**EXERCISE PROMPT**
Restate, word for word and with no pictures, the stretch of lines in the data below that begins at the line with "The property consists" and ends at the line with "CPO交换机,第二代51.2T正在认证升级,并在今年各展会上成 功演示AI ASIC+CPO功能,即CPO+2.5D封装。", inclusive.

**MATERIALS PROVIDED**
---*---
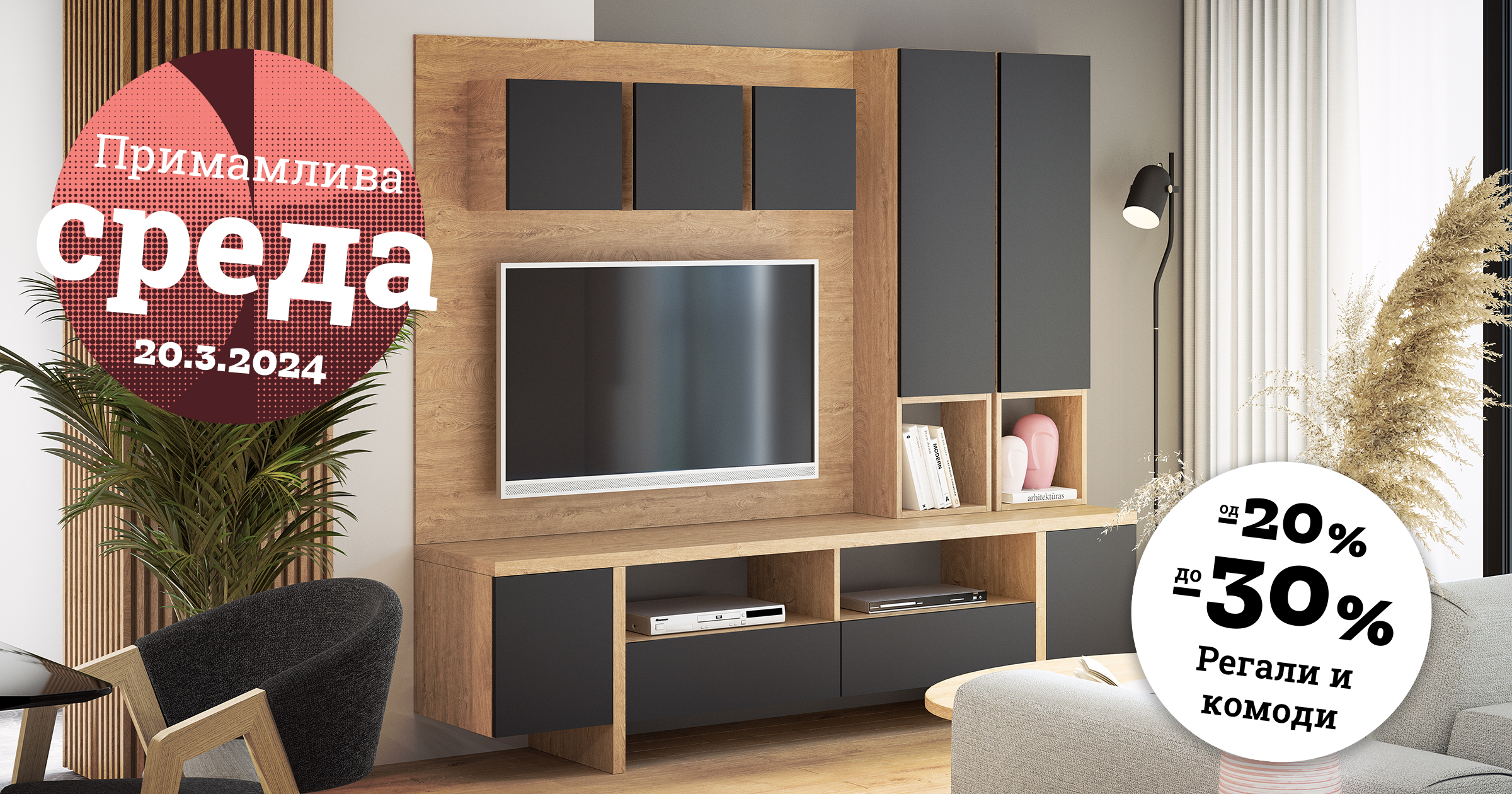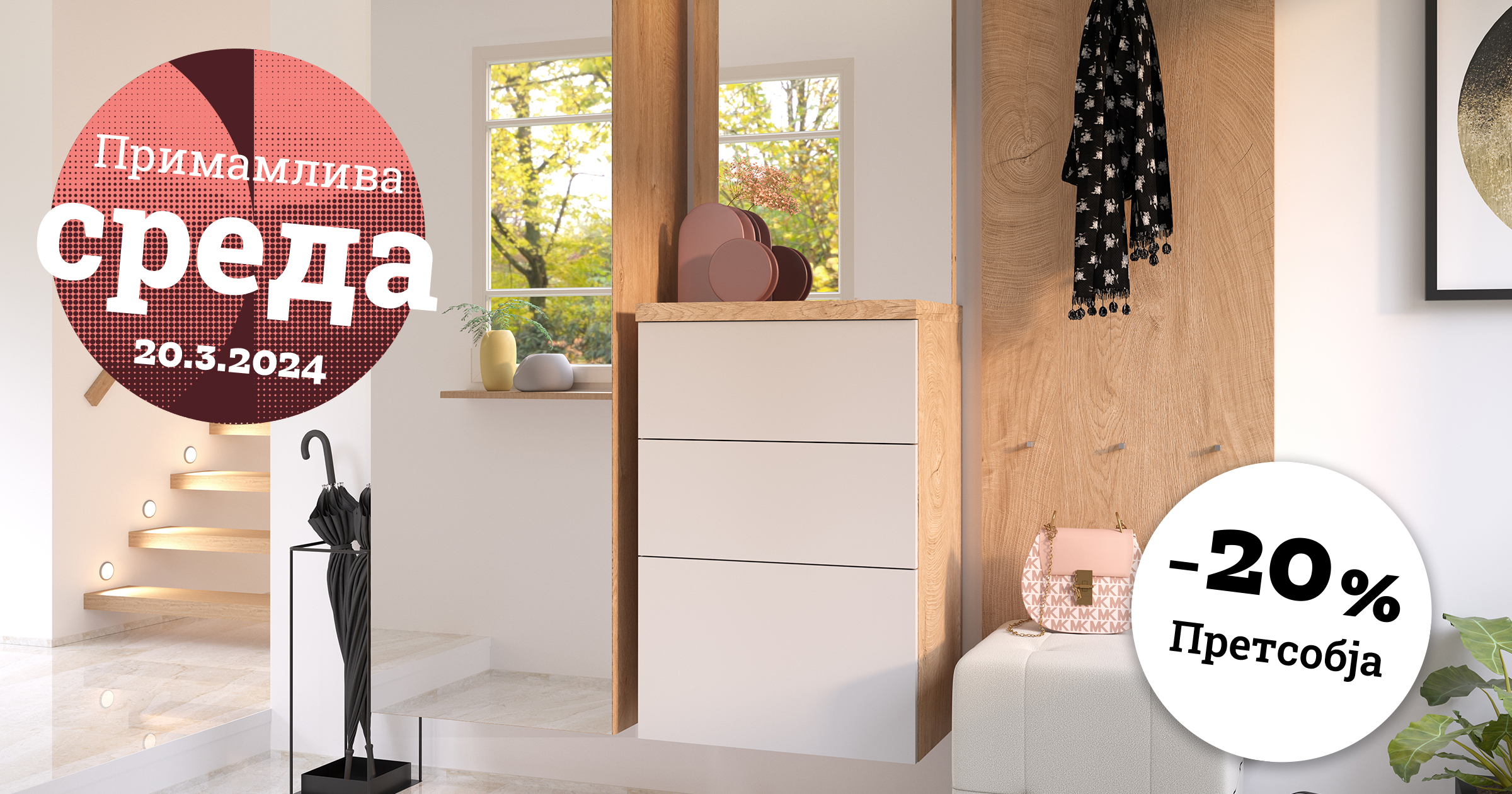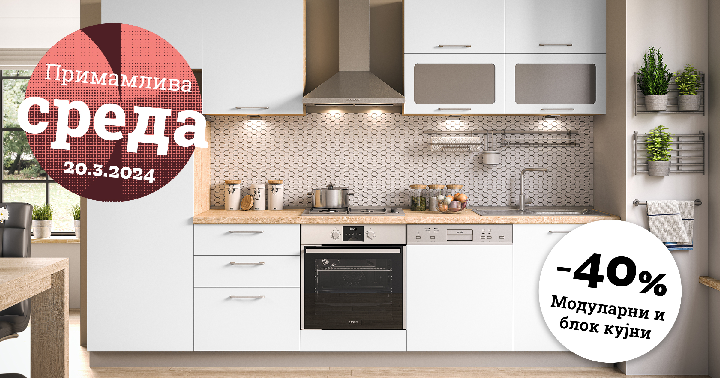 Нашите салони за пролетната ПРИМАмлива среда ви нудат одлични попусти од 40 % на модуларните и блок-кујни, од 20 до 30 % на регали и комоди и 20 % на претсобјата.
---*---
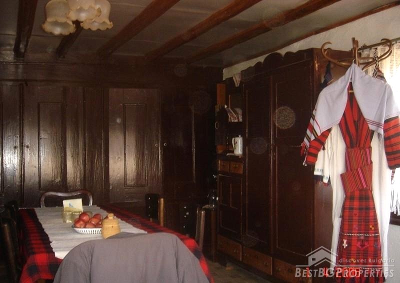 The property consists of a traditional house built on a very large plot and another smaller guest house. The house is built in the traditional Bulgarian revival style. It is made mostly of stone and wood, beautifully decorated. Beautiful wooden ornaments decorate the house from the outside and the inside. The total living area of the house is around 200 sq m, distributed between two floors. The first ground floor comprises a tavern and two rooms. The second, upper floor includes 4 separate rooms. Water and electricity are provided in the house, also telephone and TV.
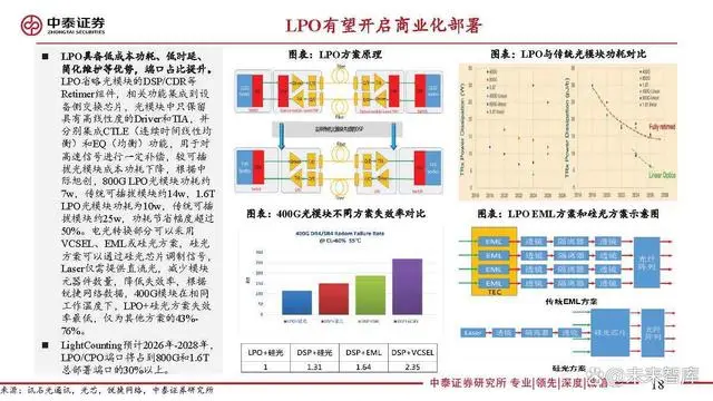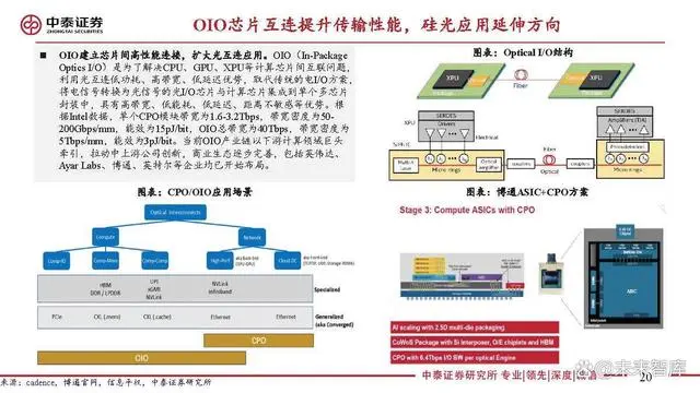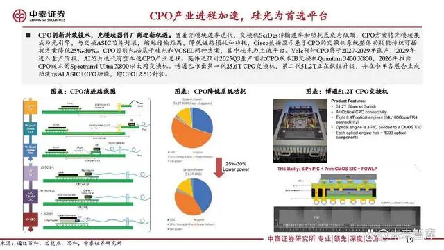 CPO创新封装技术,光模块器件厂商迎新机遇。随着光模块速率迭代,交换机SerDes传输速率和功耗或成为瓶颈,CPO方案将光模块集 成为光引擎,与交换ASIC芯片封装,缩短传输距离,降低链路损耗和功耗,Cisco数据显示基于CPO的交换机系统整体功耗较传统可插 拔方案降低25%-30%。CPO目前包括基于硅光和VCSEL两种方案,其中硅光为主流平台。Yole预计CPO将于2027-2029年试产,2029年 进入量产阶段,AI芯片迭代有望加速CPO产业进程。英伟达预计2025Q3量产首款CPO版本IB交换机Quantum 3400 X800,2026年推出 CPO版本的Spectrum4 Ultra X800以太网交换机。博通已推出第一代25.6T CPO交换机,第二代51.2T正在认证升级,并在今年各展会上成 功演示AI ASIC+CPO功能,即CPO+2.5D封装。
---*---
**TASK RESPONSE**
 The property consists of a traditional house built on a very large plot and another smaller guest house. The house is built in the traditional Bulgarian revival style. It is made mostly of stone and wood, beautifully decorated. Beautiful wooden ornaments decorate the house from the outside and the inside. The total living area of the house is around 200 sq m, distributed between two floors. The first ground floor comprises a tavern and two rooms. The second, upper floor includes 4 separate rooms. Water and electricity are provided in the house, also telephone and TV.
 CPO创新封装技术,光模块器件厂商迎新机遇。随着光模块速率迭代,交换机SerDes传输速率和功耗或成为瓶颈,CPO方案将光模块集 成为光引擎,与交换ASIC芯片封装,缩短传输距离,降低链路损耗和功耗,Cisco数据显示基于CPO的交换机系统整体功耗较传统可插 拔方案降低25%-30%。CPO目前包括基于硅光和VCSEL两种方案,其中硅光为主流平台。Yole预计CPO将于2027-2029年试产,2029年 进入量产阶段,AI芯片迭代有望加速CPO产业进程。英伟达预计2025Q3量产首款CPO版本IB交换机Quantum 3400 X800,2026年推出 CPO版本的Spectrum4 Ultra X800以太网交换机。博通已推出第一代25.6T CPO交换机,第二代51.2T正在认证升级,并在今年各展会上成 功演示AI ASIC+CPO功能,即CPO+2.5D封装。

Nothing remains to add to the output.